Sir: The Schleswig question is still cause of dissatisfaction and excitement here. I have before stated that the “bills of annexation” proposed to the Prussian Parliament embraced the whole Duchy. After the passage of these bills a leading Berlin organ, the Nord-Zeitung, declared that the Duchy question had “ceased to exist.” Since annexation the Duchy is divided into election districts for the election of members of the Parliament of the North German confederation, and the men within the military ages are being enrolled by order as a part of the Prussian forces, in consequence of which it is alleged that an immense and hasty emigration, in the inclement months of winter, is going on from the north part of the Duchy, and that from some neighborhoods this movement of the population is en masse.

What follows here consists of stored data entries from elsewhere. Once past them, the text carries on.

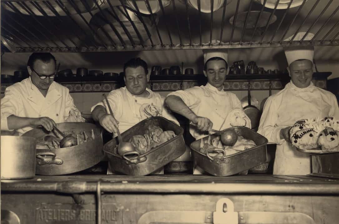 Tot 1970 kookten de koks in de oude keuken op een kolenfornuis uit 1895. Om het fornuis te reinigen was personeel in 1904, precies 100 jaar geleden, ruim 17 dagen bezig. Per dag stookte men 50 kilo kolen op. In de oven werd het wel 200 graden, in de keuken zelf werd het wel 40 graden. Er werd gekookt met ruim 100 koperen pannen, een ‘Batterie de Cuisine’ uit 1890, die uniek is in Nederland.
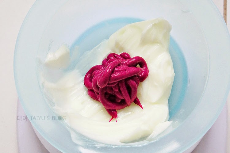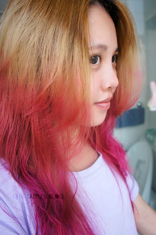 所以染了半個頭之後加了一點藍色進去調配成紫色。
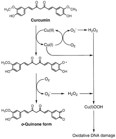 DNA damage represents a crucial step in carcinogenesis, and the restoration of the DNA damage response is a promising strategy both to prevent cancer development and to improve response to conventional therapy [9]. The prooxidant action of plant-derived phenolics rather than their antioxidant action may play an important role in their anticancer and apoptosis-inducing properties [10]. Curcumin is a polyphenol [11], which can generate reactive oxygen species as a prooxidant agent in the presence of copper ions in cells, resulting in DNA damage and apoptotic cell death [12]. A possible mechanism of DNA damage induced by curcumin in the presence of Cu (II) was reported [13] and is shown in Figure 2.

It is quite possible that after all this, the clause of the treaty of Prague referring to North Schleswig may be in some sort executed; but few here expect it, and all openly avow their lack of confidence that there will be an execution in good faith and fairness. It is probably true that most of the friends of progress, liberalism and nationality throughout Europe were rejoiced at the late military and political successes of Prussia; and equally true that the conduct of the cabinet of Berlin in regard to Schleswig, under the treaty of peace, whatever may be the causes or the ultimate justification of that conduct, has so far given pain and disappointment in every other capital of Europe.
I am, sir, very respectfully, your obedient servant,
Hon. William H. Seward, Secretary of State, Washington.